If Harry Nice don’t get a soft job for holdin’ that baggin’ scare out of them rotten newspapers, then all I got to say is, politics ain’t nothing like it used to be no more.
The death is announced of the Hon. Norman M. Parrott’s plan for a Christmas carnival. The coroner is investigating.
Disconcerting note from a Baltimore physician:
A somewhat elaborate inquiry convinces me that $100,000 is spent in Baltimore each year for proprietary consumption “cures”—all of which are unmitigated and indefensible frauds and all of which are advertised in the newspapers.
Oh, la, la! Oh, la, la, la! The knocker! The woodpecker! The bad, bad man!
The insoluble problems of life in our fair city:
- What could be dirtier than a Baltimore alley?

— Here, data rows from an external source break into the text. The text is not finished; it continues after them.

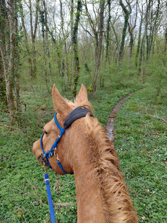 Sortie avec la jeune, 1km600, on va y aller progressivement, c'est assez sport les deux ensemble (elle demande beaucoup de focus + n'aime pas mon cheval, donc de l'avoir à côté, je pense qu'elle prend beaucoup sur elle). La prochaine fois, je le mettrai en LR devant et elle à mon épaule, c'était un peu précipité de ma part de les mettre à côté.
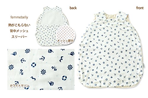 寝ている間のびっしょり汗を解決!背中メッシュのガーゼスリーパー【日本製】 ファムベリー (ホワイトマリン)
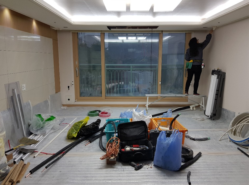 그런데 시스템 에어컨 쪽이 지연되어 9시 청소 시작할때는 입주청소와 겹쳐졌습니다.

- What could be funnier than a Prominent Baltimorean?
- What could be worse than the City Council?
Whether ’tis better to own a $1,500 house in Baltimore, paying taxes, sur-taxes and super-taxes, or to lie ill of lumbago and St. Vitus’ dance * * *
A can of condensed milk to any member of the Committee on Bogus Statistics of the Honorary Pallbearers’ Association who will state publicly, on his word of honor, that he believes the death rate in Baltimore last year to have been less than 18.5 per 1,000 population.